Sending a message to a queue (FIFO), OSQPost()
The code to deposit a message in a queue is shown in Listing 11.4.
INT8U OSQPost (OS_EVENT *pevent, void *msg)
{
#if OS_CRITICAL_METHOD == 3
OS_CPU_SR cpu_sr;
#endif
OS_Q *pq;
#if OS_ARG_CHK_EN > 0
if (pevent == (OS_EVENT *)0) { (1)
return (OS_ERR_PEVENT_NULL);
}
if (msg == (void *)0) { (2)
return (OS_ERR_POST_NULL_PTR);
}
if (pevent->OSEventType != OS_EVENT_TYPE_Q) { (3)

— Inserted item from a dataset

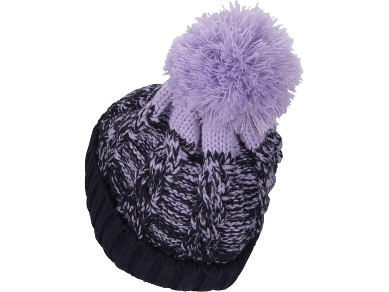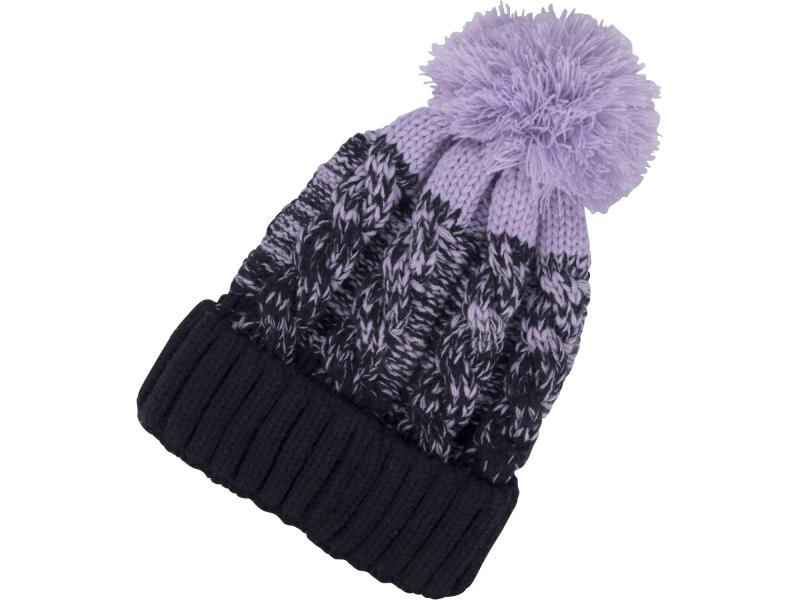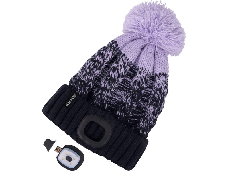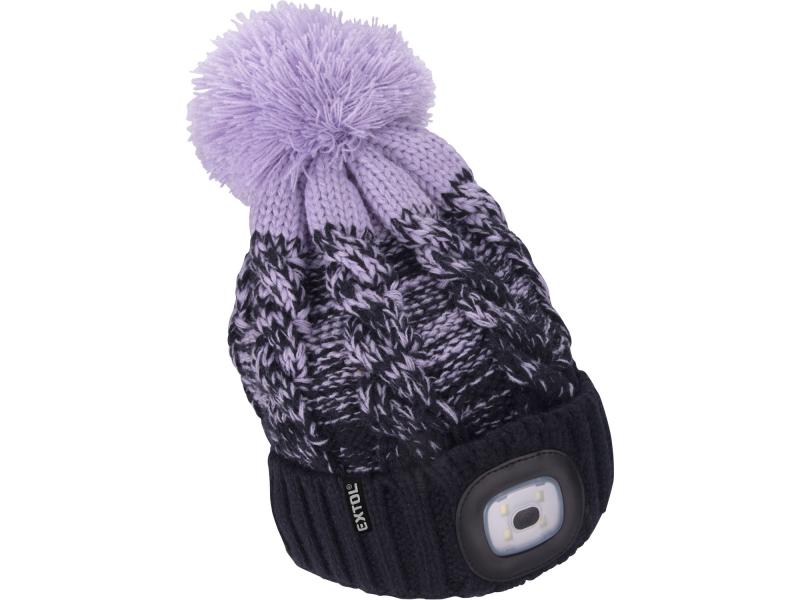 sapka, kék/lila pomponnal, kötött, kivehető LED homloklámpával, 4×45 Lumen; USB tölthető Li-ion, 3funkció (100%-75%-50%)

return (OS_ERR_EVENT_TYPE);
}
#endif
OS_ENTER_CRITICAL();
if (pevent->OSEventGrp != 0x00) { (4)
OS_EventTaskRdy(pevent, msg, OS_STAT_Q); (5)
OS_EXIT_CRITICAL();
OS_Sched(); (6)
return (OS_NO_ERR);
}
pq = (OS_Q *)pevent->OSEventPtr;
if (pq->OSQEntries >= pq->OSQSize) { (7)
OS_EXIT_CRITICAL();
return (OS_Q_FULL);
}
*pq->OSQIn++ = msg; (8)
pq->OSQEntries++; (9)
if (pq->OSQIn == pq->OSQEnd) { (10)
pq->OSQIn = pq->OSQStart;
}
OS_EXIT_CRITICAL();
return (OS_NO_ERR);
}
(1)
(2)
(3) If OS_ARG_CHK_EN is set to 1 in OS_CFG.H, OSQPost() checks to see that pevent is not a NULL pointer, that the message being posted is also not a NULL pointer and finally, checks to make sure that the ECB is a queue.
(4) OSQPost() then checks to see if any task is waiting for a message to arrive at the queue. There are tasks waiting when the .OSEventGrp field in the ECB contains a nonzero value.
(5) The highest priority task waiting for the message is removed from the wait list by OS_EventTaskRdy() [see section 10.02, Making a Task Ready, OS_EventTaskRdy()], and this task is made ready to run.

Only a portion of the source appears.